Cultura Destaque Expresso

A dura infância do Dr. Genésio

Genésio Pereira, o pai, que era filho do fazendeiro Vigilato Pereira, tinha pequeno comércio em Araguari, onde, a 26 de fevereiro de 1925, nasceu-lhe o único filho-homem dos oito que dona Carmem Fernandes de Melo lhe deu.

Foto: Divulgação

Na Revolução de 1930, Genésio perdeu tudo. Foi pra roça trabalhar de meeiro. Morou num sítio à margem do Córrego da Rocinha. Saía às quatro horas da madrugada para puxar cana-de-açúcar em carro de bois para uma usina no município de Uberaba. Genésio, o filho, levantava com o pai. Ia buscar as sete vacas da família. Ordenhava-as, dava comida aos porcos e às galinhas. Correndo. Às nove, devia estar no canavial com o caldeirãozinho do almoço. Naqueles tempos, as pessoas da roça almoçavam às nove horas, jantavam às três da tarde e, à noite, faziam uma ceia reforçada.

Dona Carmem se desdobrava. Tinha criado um filho atrás do outro. Fazia todos os serviços do sítio ajudada por eles. A única fonte de receita que tinham, além do trabalho do pai, era um cafezal que rodeava a casa, meio alqueire de um lado e meio alqueire do outro. Levavam-no semanalmente para a Rocinha (Tapuirama) e vendiam.

Eram tempos duros, mas saudáveis.
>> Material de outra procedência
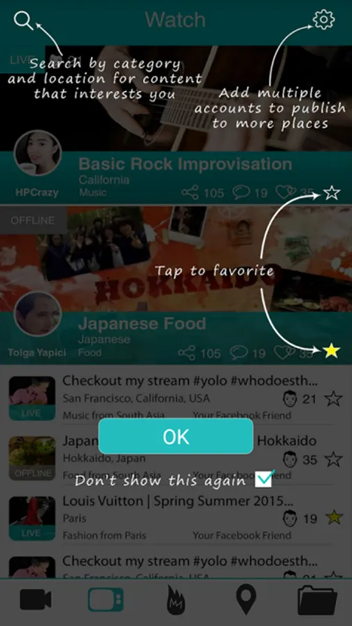 When you’re not LIVE Video streaming, you can search for and discover streams interesting to you. Location-based and categorized content is available at the tap of a finger. Never before has it been easier to put yourself in the moment.

Não havia muito com o que gastar na casa. Com exceção do querosene e do sal, todo o resto se tirava da roça. Na candeia, o azeite de mamona; a decoada das cinzas dava o sabão; o vinagre era da fermentação da laranja; etc. Tudo feito pela família.

As primeiras letras, Genésio recebeu da irmã mais velha. Aos nove anos, veio para a cidade matricular-se no Grupo Escolar Bueno Brandão. Ficou na casa dos avós. Eles moravam na Avenida Cesário Alvim que, por essa época, era um enorme areião. Não havia calçadas, nem meio-fio.

Embora já tivesse o quarto ano da roça, matricularam-no no segundo ano e fez tudo de novo. Lá um dia, a família veio toda para Uberlândia para que todas as crianças pudessem estudar. O Genésio, pai, para sustentar-se, começou a vender galinhas e ovos. O Genésio, filho, também. Fez o ginásio no Colégio Estadual. Em Belo Horizonte, formou-se engenheiro civil pela Faculdade de Engenharia da UFMG e veio para Uberlândia como Chefe de Obras da Prefeitura. Aí, teve como secretária Maria Dirce Ribeiro, que fora sua professora no Bueno Brandão e a primeira mulher vereadora de Uberlândia.

Aí, já começa outra fase de sua vida.